◆ **TASK REQUIREMENTS**: Of the lines in the material below, print only those from the one containing "After the Wyodak" to the one containing "NUTMEG ACRES LEGACY", ends included, exactly as written and without pictures.

*** DATA SUPPLIED ***

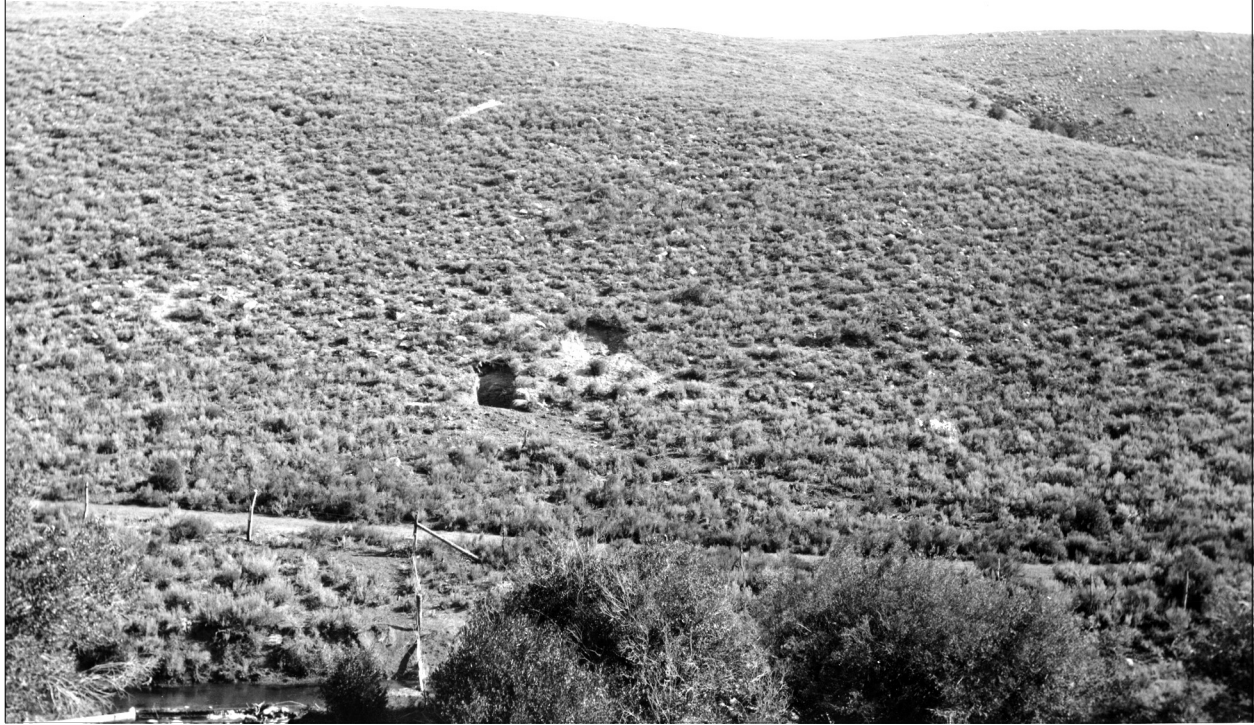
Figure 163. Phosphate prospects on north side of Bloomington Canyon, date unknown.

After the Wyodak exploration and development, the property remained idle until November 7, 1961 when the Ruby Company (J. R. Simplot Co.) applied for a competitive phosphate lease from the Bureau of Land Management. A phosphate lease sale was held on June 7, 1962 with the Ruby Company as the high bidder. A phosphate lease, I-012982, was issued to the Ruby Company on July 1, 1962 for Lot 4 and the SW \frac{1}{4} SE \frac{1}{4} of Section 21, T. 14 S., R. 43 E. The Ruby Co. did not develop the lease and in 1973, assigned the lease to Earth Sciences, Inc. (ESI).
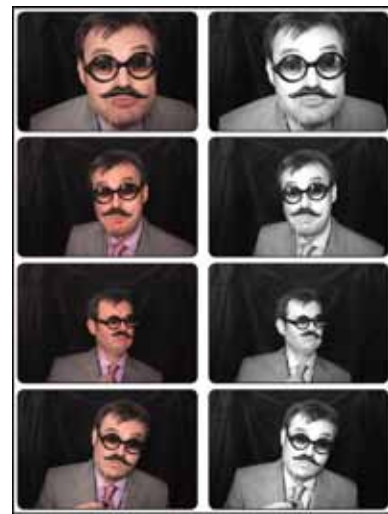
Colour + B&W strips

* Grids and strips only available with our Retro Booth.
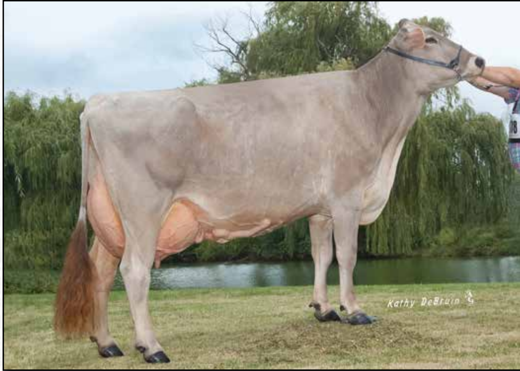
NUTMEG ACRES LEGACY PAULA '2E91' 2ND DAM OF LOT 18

*** End of DATA SUPPLIED ***
*** DATA SUPPLIED ***

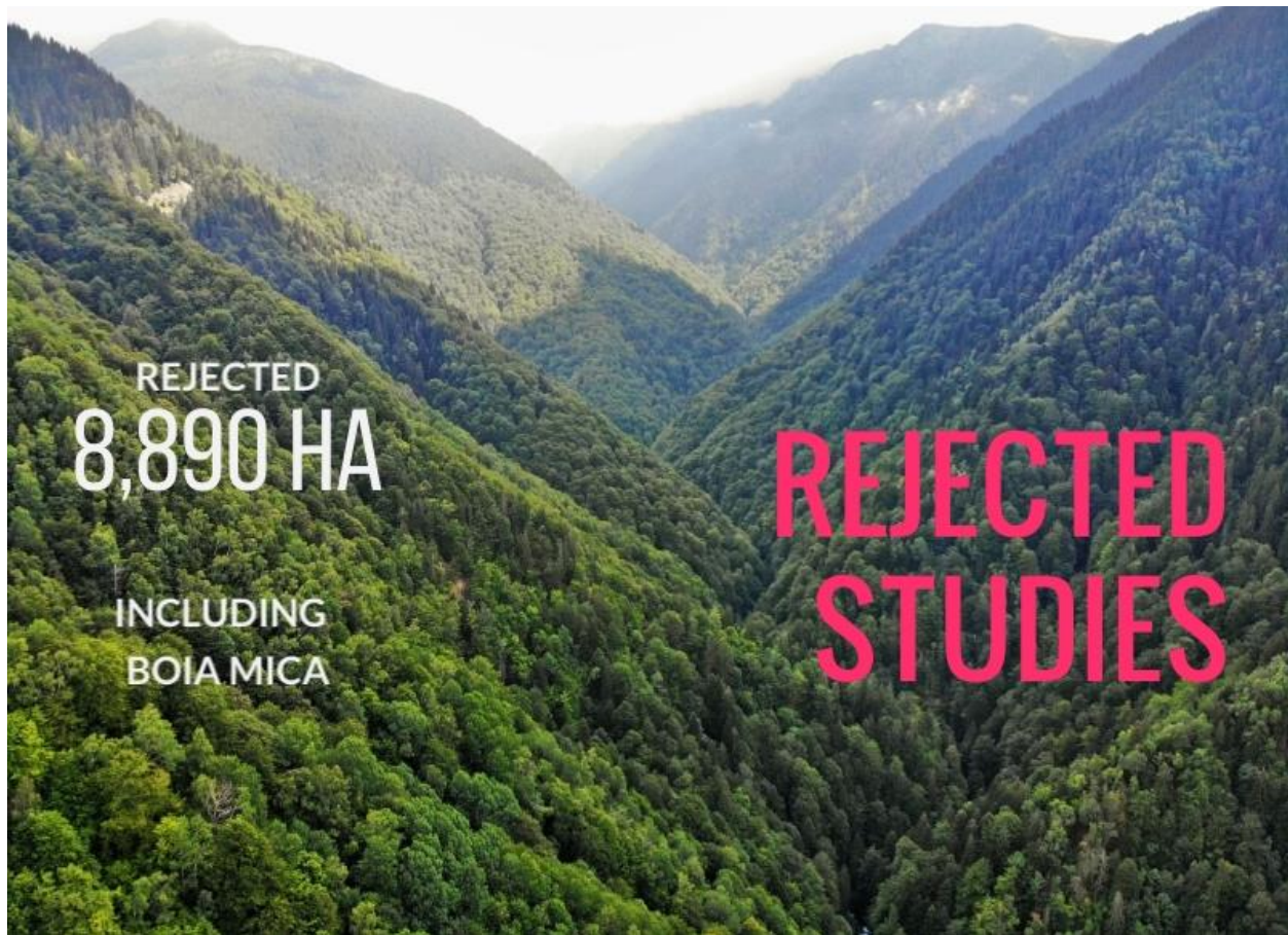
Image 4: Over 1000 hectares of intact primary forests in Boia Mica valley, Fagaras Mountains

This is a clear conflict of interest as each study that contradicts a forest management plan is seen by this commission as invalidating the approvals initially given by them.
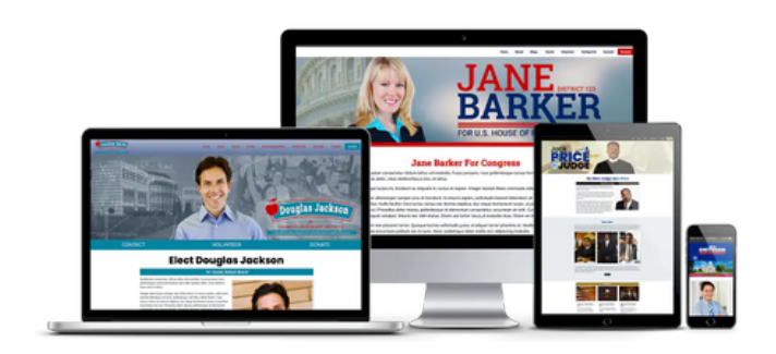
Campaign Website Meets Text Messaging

*** End of DATA SUPPLIED ***

◆ **TASK SOLUTION**:
After the Wyodak exploration and development, the property remained idle until November 7, 1961 when the Ruby Company (J. R. Simplot Co.) applied for a competitive phosphate lease from the Bureau of Land Management. A phosphate lease sale was held on June 7, 1962 with the Ruby Company as the high bidder. A phosphate lease, I-012982, was issued to the Ruby Company on July 1, 1962 for Lot 4 and the SW \frac{1}{4} SE \frac{1}{4} of Section 21, T. 14 S., R. 43 E. The Ruby Co. did not develop the lease and in 1973, assigned the lease to Earth Sciences, Inc. (ESI).
Colour + B&W strips

* Grids and strips only available with our Retro Booth.
NUTMEG ACRES LEGACY PAULA '2E91' 2ND DAM OF LOT 18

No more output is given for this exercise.